As described above, in a plurality of column regions AC, the amount of liquid received in marginless printing may be different from one another. Accordingly, when liquid is ejected onto a plurality of media S, the control unit 100 may allow the region where the liquid discharged in initial preliminary ejection is received to be sequentially changed in the recess 25. For example, initial preliminary ejection for each medium S is preferably performed to the column region AC which does not receive the liquid ejected onto an area outside the medium S in marginless printing. Alternatively, when there are a plurality of column regions AC that receive small amount of liquid ejected onto an area outside the medium S in marginless printing, initial preliminary ejection is preferably performed to these column regions AC in sequence.
Further, the control unit 100 may include a memory 101 that stores the accumulated amount of liquid received by each of a plurality of column regions AC in the recess 25 so that, when liquid is ejected onto a plurality of media S, the column region AC that receives liquid ejected by preliminary ejection in initial preliminary ejection may be changed in the recess 25 depending on the accumulated amount. For example, when marginless printing for a medium Sc having a large size is continuously performed, liquid of initial preliminary ejection is received by the column region AC in a center region that does not receive liquid ejected on an area outside the medium Sc. As a result, liquid can be uniformly absorbed by the absorbing sheet 26 by distributing the amount of liquid received in the recess 25.
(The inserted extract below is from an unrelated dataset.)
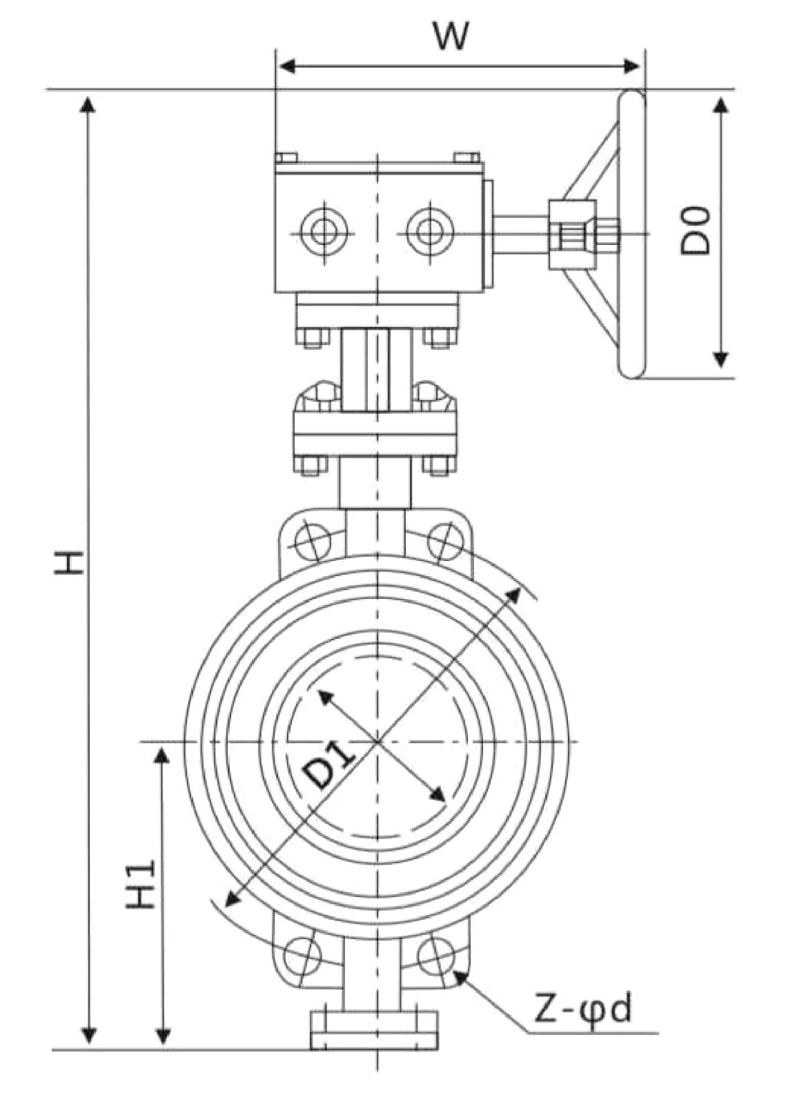 通径DN | L | D1 | D | Z-Φd | H | H1 | W | W1 | D0 |

Further, an another waste liquid containing portion 28 may be provided on the lower side or rear side of the medium support 24 so that waste liquid received in the recess 25 may be introduced into the waste liquid containing portion 28. In this case, it is possible to allow liquid to naturally flow from the recess 25 into the waste liquid containing portion 28. Alternatively, a porous member 29 extending from the recess 25 to the waste liquid containing portion 28 may be provided so that waste liquid in the recess 25 moves to the waste liquid containing portion 28 by means of capillarity. Further, when the porous member 29 is provided, preliminary ejection may be performed with priority or repeatedly to the column region AC located close to the porous member 29.
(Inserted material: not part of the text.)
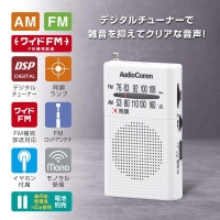 AudioComm ポケットラジオ AM/FM ホワイト|RAD-P380S-W 03-0982

Further, a plurality of types of preliminary ejection include a post discharge preliminary ejection that is performed after cleaning, which is a maintenance operation that allows liquid to be discharged from the liquid ejecting head 21 to the cap 31 which is the first receiving portion.
Wiping is often performed after cleaning. In particular, when different types of liquid (for example, different colors of ink) are ejected from the liquid ejecting head 21, there is a risk that the nozzle 20 may be contaminated with the liquid of a different type from the ejected liquid if wiping is performed by using a single wiper 32. Furthermore, ejection failure may occur due to a foreign substance or air bubbles pushed into the nozzle 20 by wiping. Accordingly, preliminary ejection (post discharge preliminary ejection) is preferably performed after cleaning.
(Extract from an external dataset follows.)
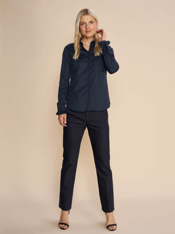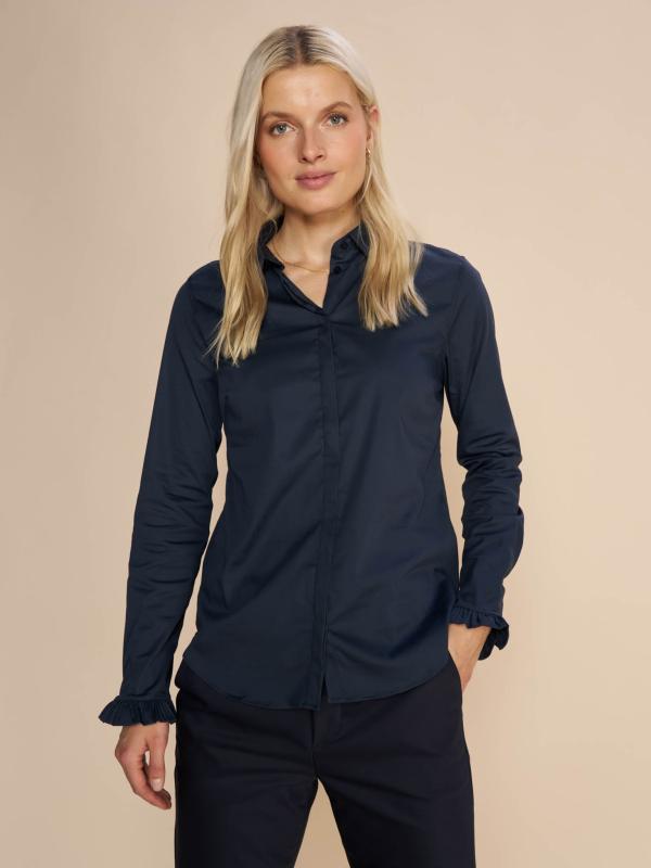 Looking to add a feminine touch to your outfit? Cut in a flattering slim fit, crafted in the softest stretchy fabric with a classic collar, feminine ruffled cuffs, and classic button closure. Style it with tailoring and let the ruffled cuff peep out from the sleeves.

For the post discharge preliminary ejection, it is preferable that the control unit 100 makes the cap 31, which is the first receiving portion, receive liquid ejected by preliminary ejection. That is, since the liquid ejecting head 21 is located at the home position when initial filling or cleaning is performed, post discharge preliminary ejection, which is the subsequent preliminary ejection, performed to the cap 31 located at the home position can decrease the movement distance of the liquid ejecting head 21 and thus decrease the duration of maintenance operation.
Wiping is often performed after cleaning. Since the wiper 32 is positioned immediately adjacent to the home position, the liquid ejecting head 21 can return to the home position after wiping and perform preliminary ejection to the cap 31 which is at the released position. However, when a printing operation is performed subsequently to cleaning, wiping and post discharge preliminary ejection, the liquid ejecting head 21 can perform wiping while moving in the movement direction X from the home position, and then perform post discharge preliminary ejection to the recess 25 when it is moved to the medium support 24.
According to the aforementioned embodiment, the following effects can be obtained.
(1) Since a plurality of receiving portions configured to receive liquid ejected by preliminary ejection (for example, the cap 31 and the recess 25) are provided, the liquid ejected onto an area outside the medium S can be appropriately received by changing the receiving portion that receives liquid ejected by preliminary ejection depending on the types of preliminary ejection.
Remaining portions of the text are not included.